Exploratory Statistics: Mean, Median, Quantiles, Variance/SD
Last updated
Last updated
Exploratory statistics serves as the initial stage of data analysis, focusing on summarizing and understanding the essential characteristics of a dataset. It involves employing various descriptive statistics to gain insights into the distribution, central tendency, and variability of the data. Key measures include the mean, median, quantiles, variance, and standard deviation, each providing unique perspectives on the dataset.
It's important to note that these measures differ from the parameters of a random variable's theoretical distribution, such as the population mean or variance. Instead, they are derived from observed data and offer a practical summary of the sample at hand.
The mean, or average, is perhaps the most commonly used measure of central tendency in exploratory statistics. It represents the sum of all data values divided by the total number of observations.
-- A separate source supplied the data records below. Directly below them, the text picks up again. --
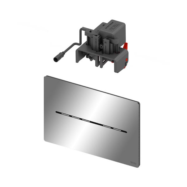Плоская панель из нержавеющей стали в комплекте с крепежными элементами и электроприводом смыва для систем двойного смыва.
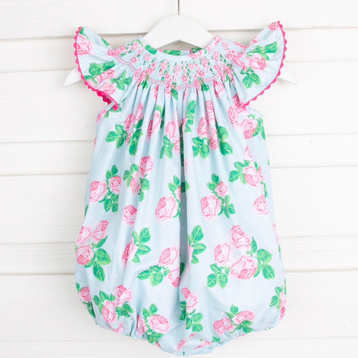 Exclusive to SA! Light turquoise background with white polka dots. Printed pink roses. Cnady pink ric rac along angel sleeves. Snaps in stride.
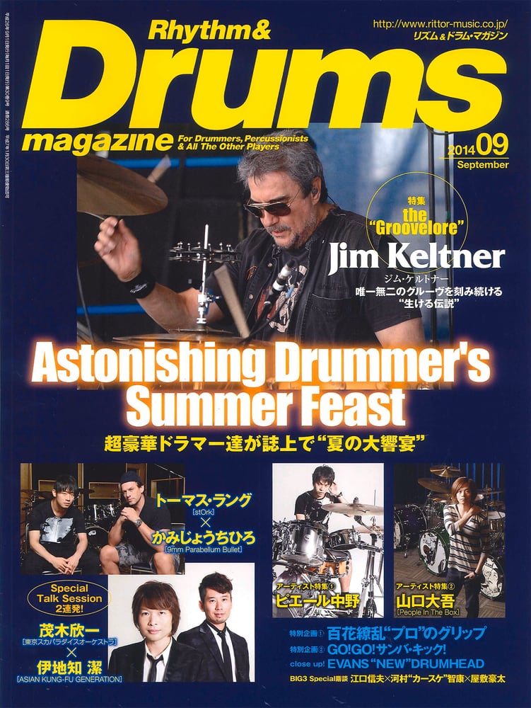 “伝承”をテーマに、偉大なるドラマー達の魅力にあらためて迫るthe“Groovelore”。その第二弾としてフィーチャーするのは、ボブ・ディラン、ジョン・レノン、ジョージ・ハリスン、エリック・クラプトンなど、レジェンド・アーティスト達を支えてきたジム・ケルトナー。60年代にキャリアをスタートさせ、72歳となった現在も第一線でバリバリ活躍する“生ける伝説”だ。目玉は彼が自身のキャリアについて語った超ロング・インタビュー。タイム、グルーヴに関する話は、ドラマーはもちろん、全ミュージシャン必見。その他にケルトナー・フォロワーである玉田豊夢×伊藤大地の対談や、沼澤 尚監修のディスコグラフィ、名演分析など、14ページに渡る充実の内容となっております!
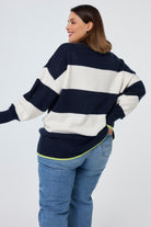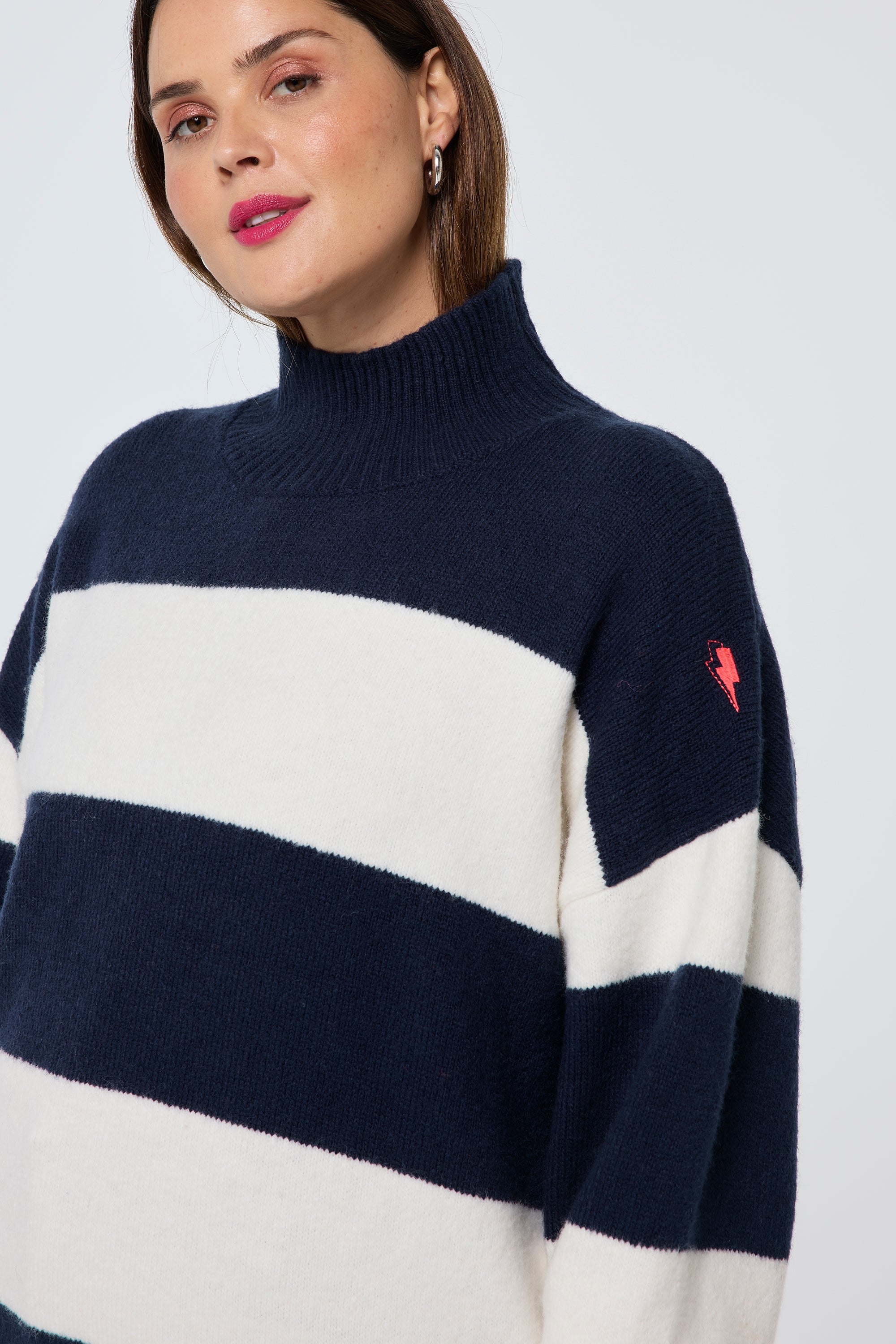 Navy with Ivory Stripe Oversized Turtleneck Jumper
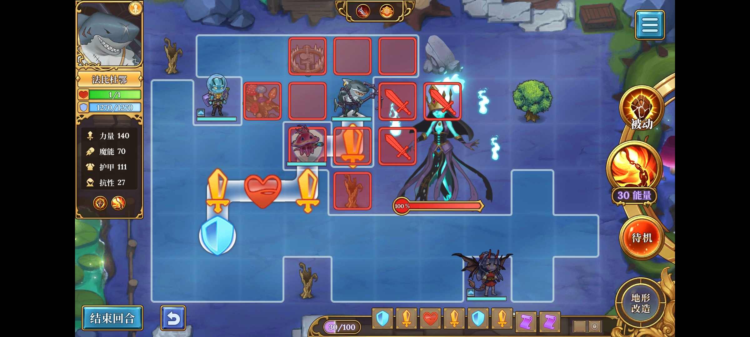 主动技能-横扫,攻击范围是2格,所以可以在第一回合汀汀姬把站得比较散的怪点掉后,鲨鱼上去横扫把站得比较密的怪清怪,从而实现快速清图;或者遇到幽灵女皇这种需要击破头上皇冠/清光侍女才能对其造成伤害的boss时,
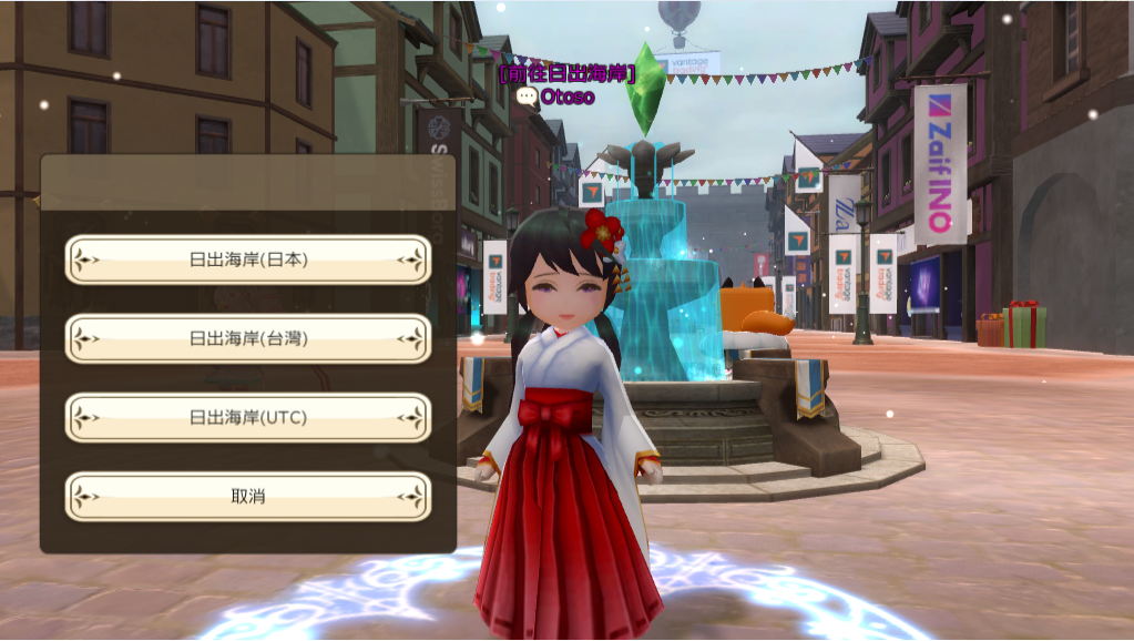 ※為避免地圖過於擁擠,每個地圖各提供 3 個區域供玩家選擇。若「商店街1」人太多的情況下,玩家可以選擇「商店街2」或「商店街3」進入對應的日出海岸分區。
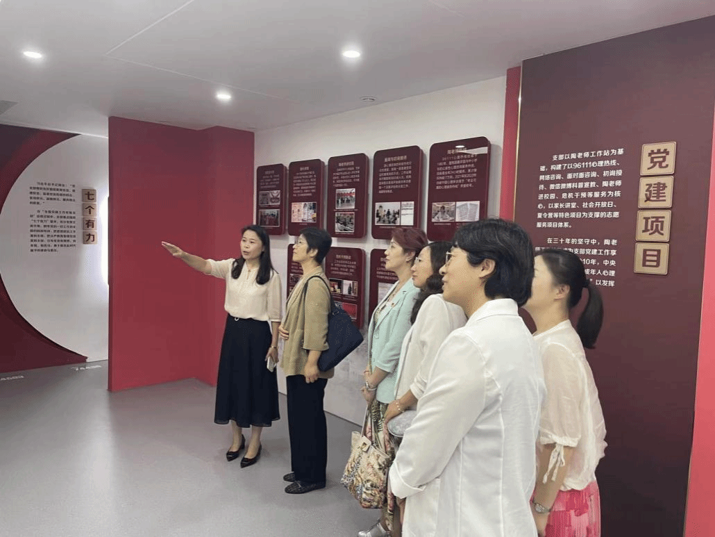 陶老师工作站负责人及团队核心成员热情接待了陈健书记一行。陶老师工作站负责人首先带领大家参观了工作站的咨询室、团体辅导空间及心理健康教育展示区,详细介绍了工作站的发展历程、组织架构与服务模式。陈健书记介绍了学院视光专业建设过程中开展志愿服务的情况,视光工程系教师党支部书记李新华介绍了视光工程专业建设的相关情况。
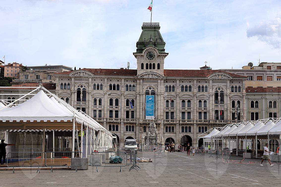 Preparazione degli stand per la Barcolana 57 in piazza dell'Unità d'Italia
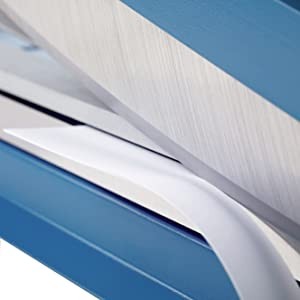 is designed for precision trimming of paper, cardstock, and matboard. It features a ground self-sharpening blade, a rotating guard to keep fingers safe, and a locking clamp to hold work securely. This German engineered cutter is ultra-precise and ideal for trimming thicker material.
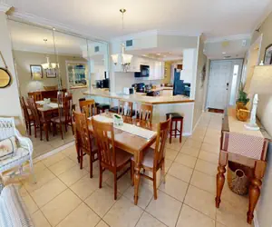 The large, open kitchen has a plethora of counter space, and all the full size appliances, pots, pans, dishware, and silverware needed to prepare your favorite meal. When the meal is prepared, you will find no issues in seating arrangements, as this condo seats 6 in the dining room and 4 at the bar.

The mean provides a single numerical summary of the data's central location, indicating the typical value around which the observations tend to cluster. While sensitive to extreme values (outliers), the mean offers a straightforward interpretation and is often utilized in various analytical contexts.
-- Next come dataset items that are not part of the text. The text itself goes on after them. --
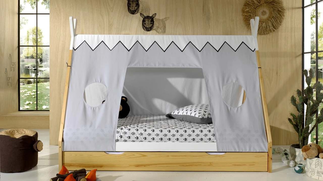 Tover het bed Tipi van je kindje om in een supergezellige wigwam met deze witte canvas bedcover. Bedtijd wordt een dagelijks avontuur in de hippe tipi-tent, waar je kleintje de mooiste verhalen beleeft, zowel tijdens het spelen als in dromenland. Met deze stijlvolle indianentent wordt de kinderkamer gegarandeerd dΓ© eyecatcher van het huis!
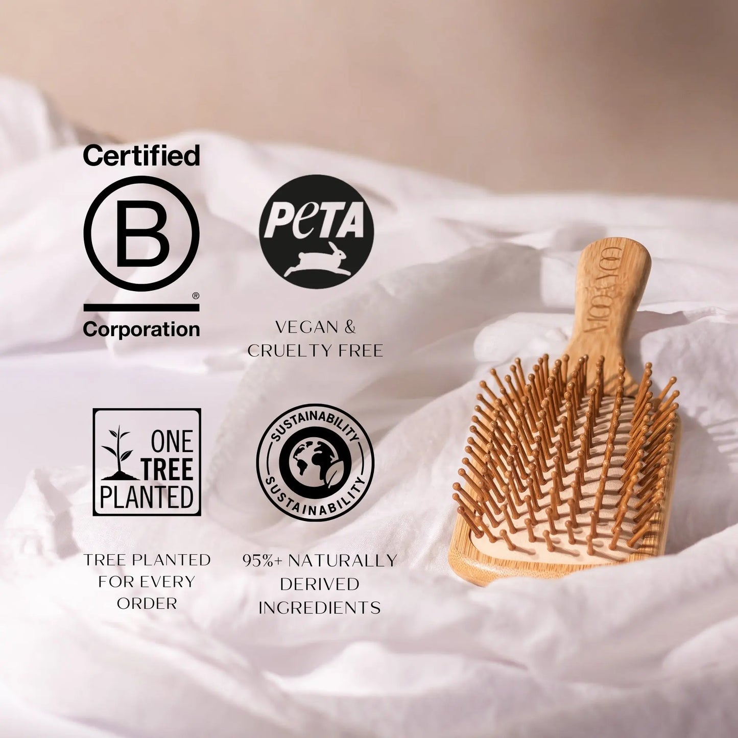 Bamboo is a sustainable resource and all of the bamboo used in these brushes is harvested sustainably. As it is the fastest growing plant in the world, it allows for fast and frequent harvesting without affecting natural bamboo forests negatively. Bamboo is hypoallergenic and also possesses a unique antibacterial quality making our hair brush more hygienic and odour resistant.
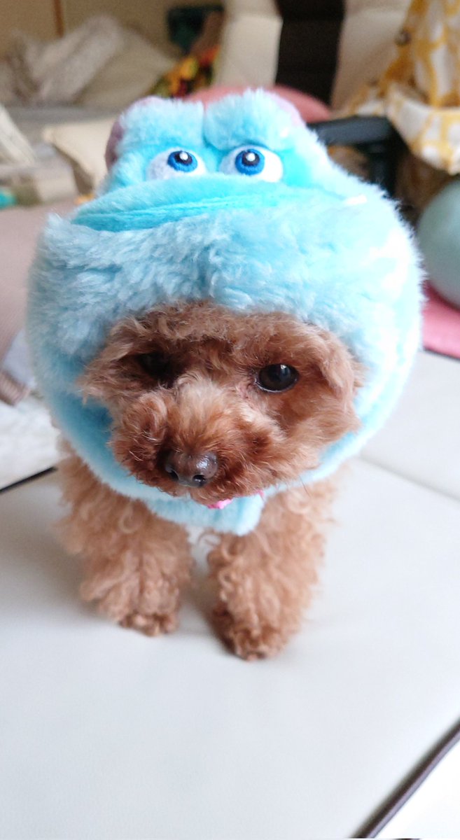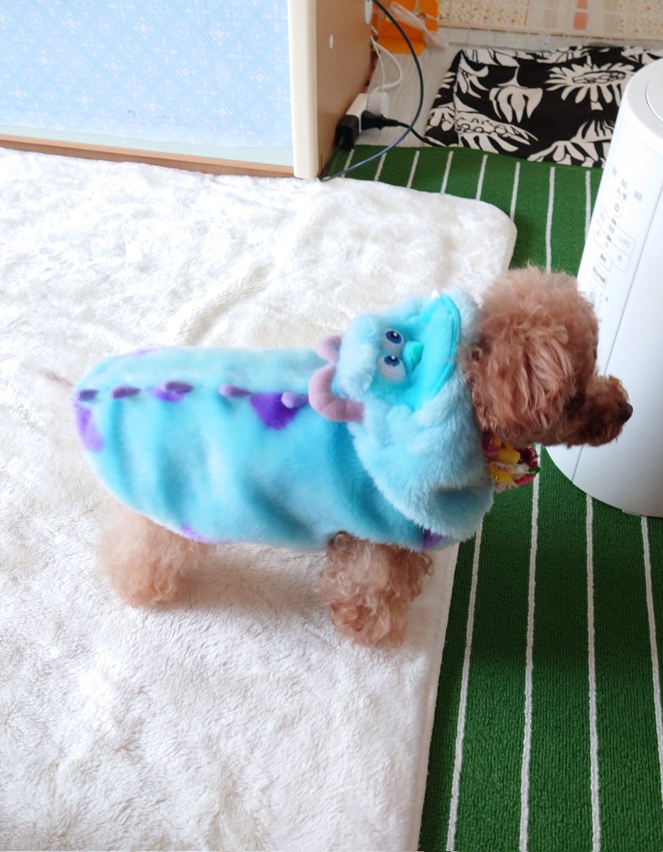 今日のお散歩着はモンスターズインクのサリーです👻 服というよりコスプレだな… #トイプードル #コスプレ
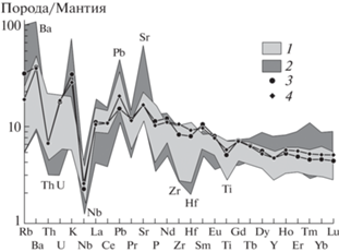 В составе Каменского террейна объединены интрузии береинского габбро-диорит-тоналитового комплекса и тесно пространственно связанные с ними вулканогенно-осадочные образования каменской свиты [9]. Последняя представляет собой переслаивание осадочных пород – вулканомиктовых конглобрекчий и гравелитов, а также туфопесчаников и туфоаргиллитов, с вулканитами базальт-андезибазальт-андезит-дацит-риолитовой серии. Вулканиты претерпели глубокие зеленокаменные изменения. Разрезы свиты характеризуются резкой изменчивостью и распределение вулканитов в них неравномерное. Габбро и диориты Береинского комплекса тесно пространственно связаны с вулканогенно-осадочной толщей, образуя в ней дайки, многочисленные апофизы и мелкие интрузивные тела. В результате изотопного датирования габбро-диоритов по цирконам U–Pb-методом на SHRIMP-II (Центр изотопных исследований ВСЕГЕИ) был получен возраст 254.3 ± 5.1 млн лет [10], что соответствует поздней перми. Это позволяет принять и возраст вмещающей вулканогенно-осадочной толщи как позднепермский. Вулканиты свиты принадлежат к серии нормальной суммарной щелочности и умеренной калиевости. Немногочисленные составы базальтов попадают в категорию субщелочных. Нормированные спектры распределения редких земель в базальтах, андезибазальтах, андезитах и риолитах являются умеренно обогащенными – La/Yb(N) = 1.96–4.31. Мультикомпонентная диаграмма базальтов каменской свиты (рис. 2) демонстрирует характеристики, типичные для островодужных вулканитов – высокий уровень накопления K, Rb, Ba, Sr, Ba и резкое преобладание LILE над HFSE, что является характерным признаком пород, связанных своим происхождением с зоной субдукции.
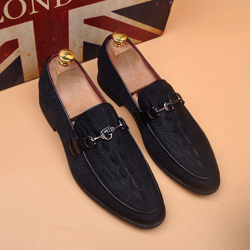 夏日透气青年潮流男士尖头休闲皮鞋套脚韩版内增高流行皮鞋豆豆鞋
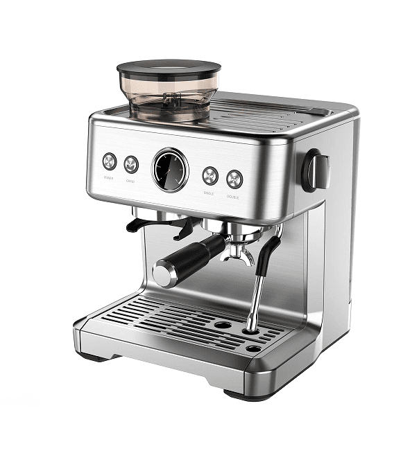 SKU: PSCM7060 coffee grinding machine. 20Bar extraction cappuccino / American Italian espresso, 1 cup / 2 cups mechanical button + instrument number, 2300W, steam type, powder hammer 58mm, 30 level grinding setting

Unlike the mean, which is influenced by extreme values, the median represents the middle value of a dataset when arranged in ascending or descending order. It is robust to outliers and provides a measure of central tendency that is less affected by extreme observations. The median is particularly useful when the dataset contains skewed distributions or when there are concerns about the influence of outliers on the mean. It offers a more robust representation of the typical value, especially in scenarios where the data is not symmetrically distributed.
For a discrete random variable, the mode is the value with the highest probability mass function (PMF). For a continuous random variable, it refers to the peak of the probability density function (PDF). The mode can be directly derived from the distribution's parameters (mean, variance, etc.) without needing a sample. In a sample (a set of observed data points), the mode is the most frequently occurring value. It's derived from the data and represents the value that appears most frequently.
Quantiles divide a dataset into equal-sized portions, providing insight into the distribution of data across various percentiles. Common examples include quartiles (dividing the data into four parts) and percentiles (dividing the data into hundred parts). Quantiles help identify the spread and variability of the data, facilitating comparisons and understanding of data distributions. They are particularly useful for assessing the relative position of individual observations within a dataset and for identifying potential outliers or extreme values.
Variance and standard deviation quantify the spread or dispersion of data points around the mean. Variance measures the average squared deviation of each data point from the mean, providing a measure of the overall variability within the dataset. Standard deviation, the square root of the variance, offers a more interpretable measure by providing the spread of data in the same units as the original data. Together, variance and standard deviation offer insights into the degree of variability within the dataset, aiding in understanding the distribution's shape and characteristics. They are fundamental measures in exploratory statistics, providing valuable information about the data's variability and distribution.